Exercise instructions:
From the line that holds "Vorher hatte ich" down to the last line of the listing below, transcribe exactly and only those lines. Leave pictures out.

Data for this exercise:
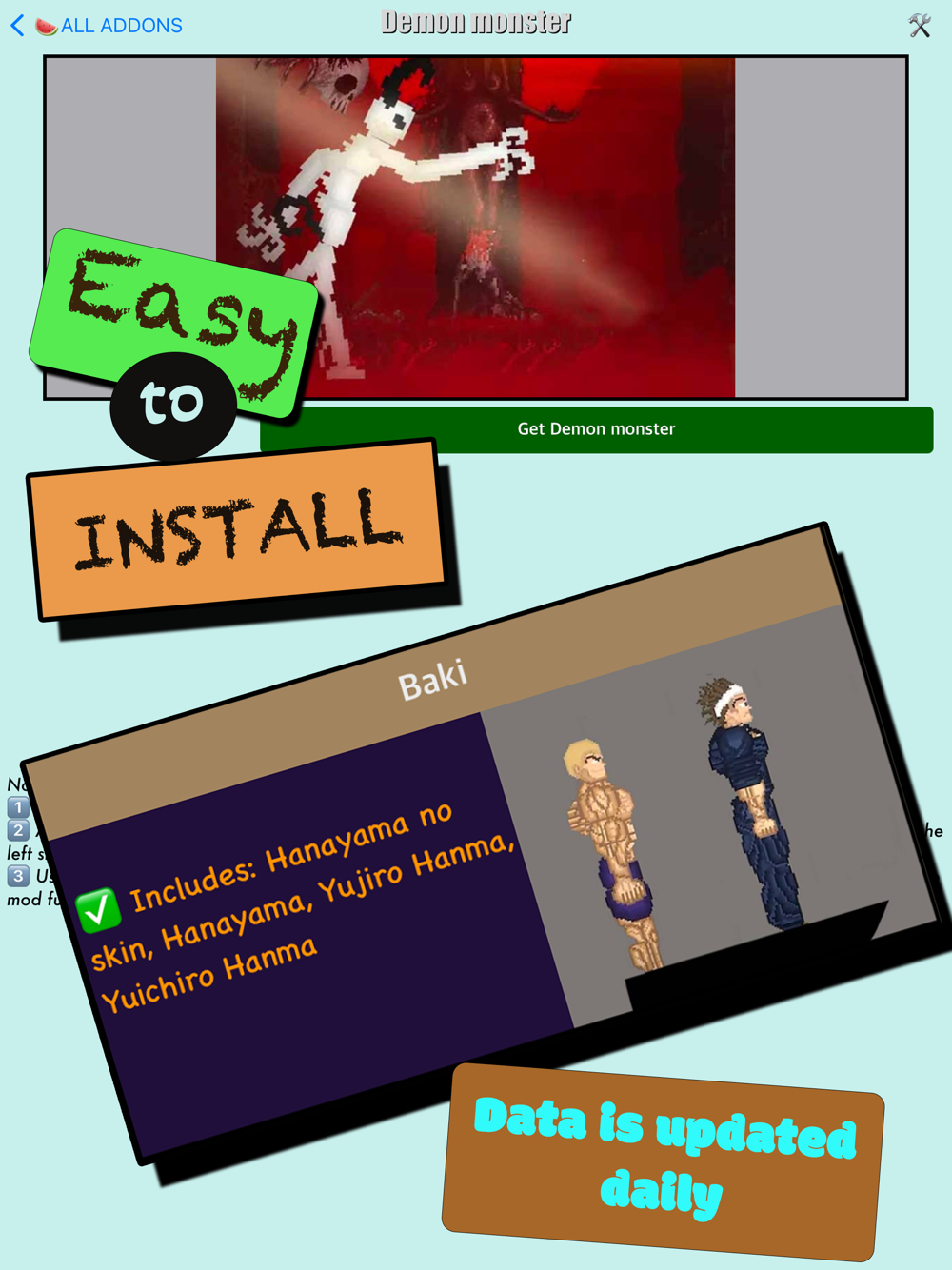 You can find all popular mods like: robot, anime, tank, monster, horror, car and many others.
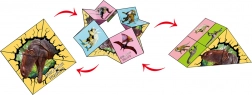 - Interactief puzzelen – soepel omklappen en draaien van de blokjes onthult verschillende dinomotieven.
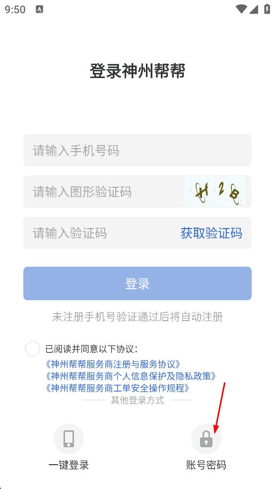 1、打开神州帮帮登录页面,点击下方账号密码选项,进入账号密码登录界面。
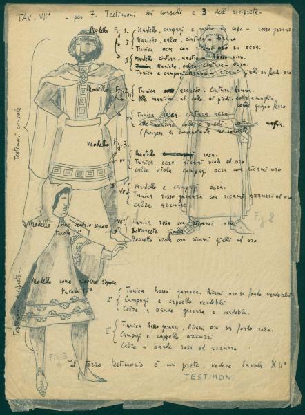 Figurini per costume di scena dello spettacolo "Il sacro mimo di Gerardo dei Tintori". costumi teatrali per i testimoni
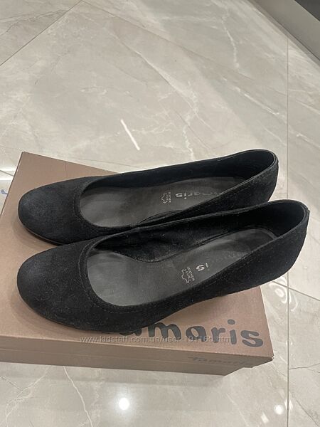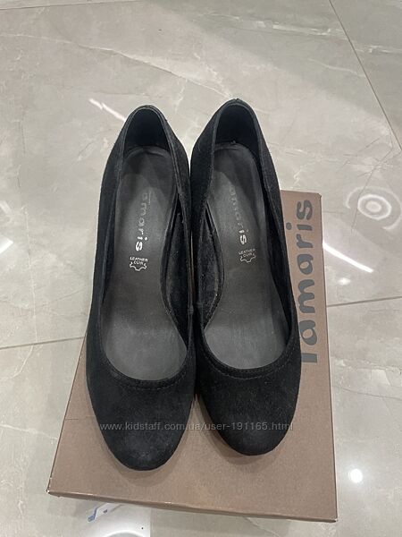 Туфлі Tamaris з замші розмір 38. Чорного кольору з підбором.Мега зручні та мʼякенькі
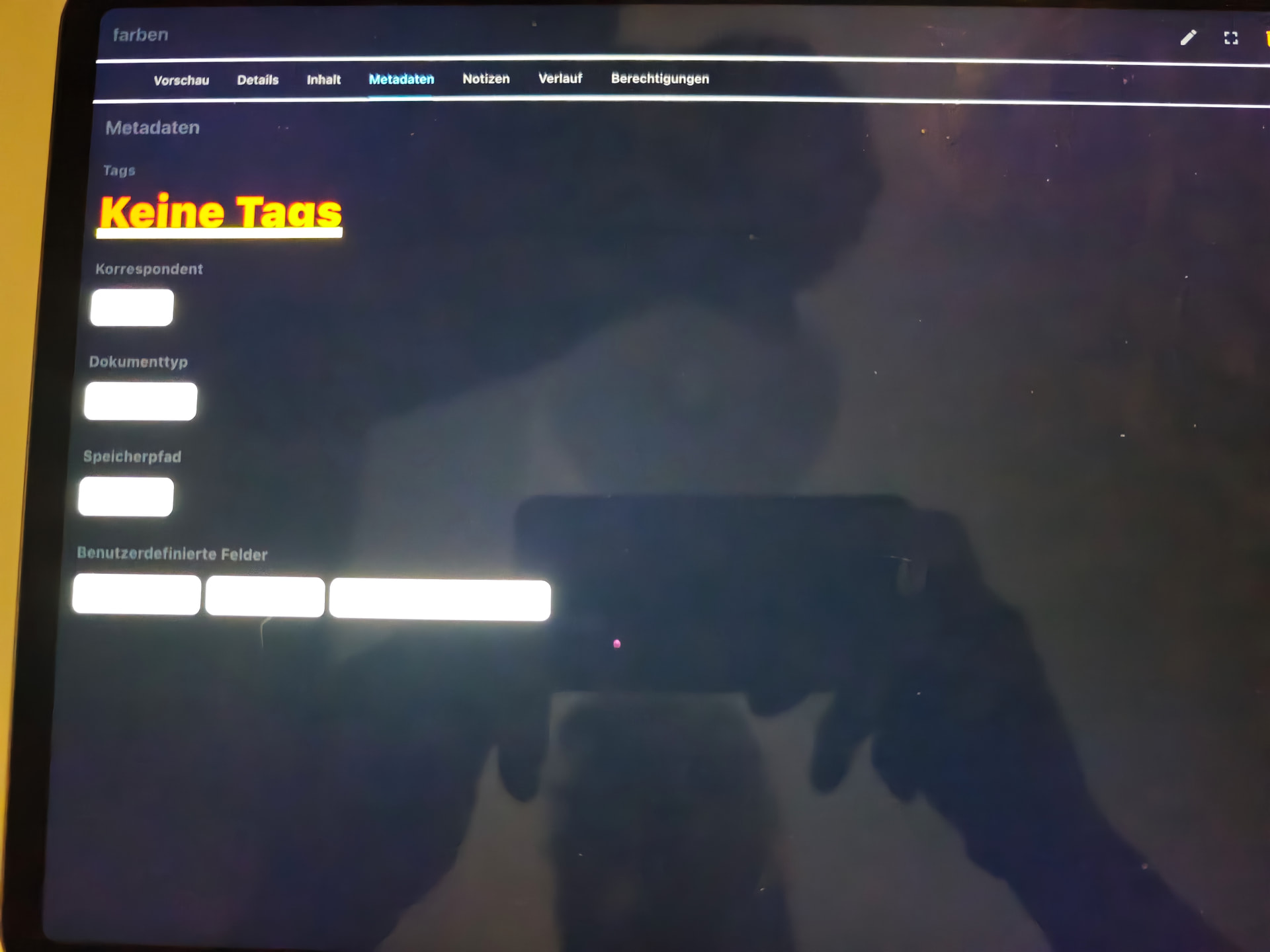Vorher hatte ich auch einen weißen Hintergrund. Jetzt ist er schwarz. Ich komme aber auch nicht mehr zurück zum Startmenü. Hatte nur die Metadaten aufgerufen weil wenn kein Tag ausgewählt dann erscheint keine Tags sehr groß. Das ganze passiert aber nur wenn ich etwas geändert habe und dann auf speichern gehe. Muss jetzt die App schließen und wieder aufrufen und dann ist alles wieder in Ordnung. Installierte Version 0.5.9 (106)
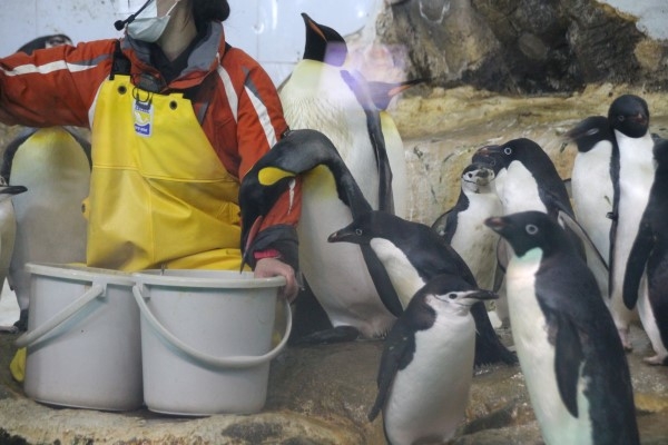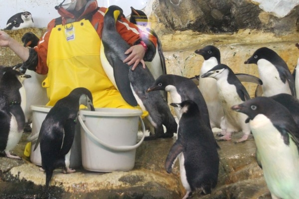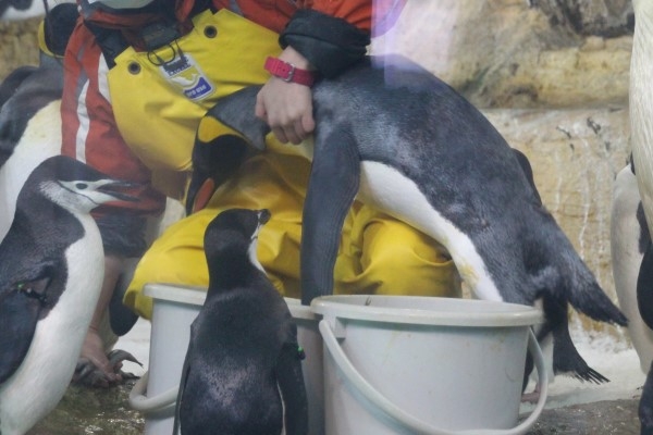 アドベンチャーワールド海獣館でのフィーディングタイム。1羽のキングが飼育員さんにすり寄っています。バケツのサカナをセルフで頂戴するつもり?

Answer to the problem:
Vorher hatte ich auch einen weißen Hintergrund. Jetzt ist er schwarz. Ich komme aber auch nicht mehr zurück zum Startmenü. Hatte nur die Metadaten aufgerufen weil wenn kein Tag ausgewählt dann erscheint keine Tags sehr groß. Das ganze passiert aber nur wenn ich etwas geändert habe und dann auf speichern gehe. Muss jetzt die App schließen und wieder aufrufen und dann ist alles wieder in Ordnung. Installierte Version 0.5.9 (106)
 アドベンチャーワールド海獣館でのフィーディングタイム。1羽のキングが飼育員さんにすり寄っています。バケツのサカナをセルフで頂戴するつもり?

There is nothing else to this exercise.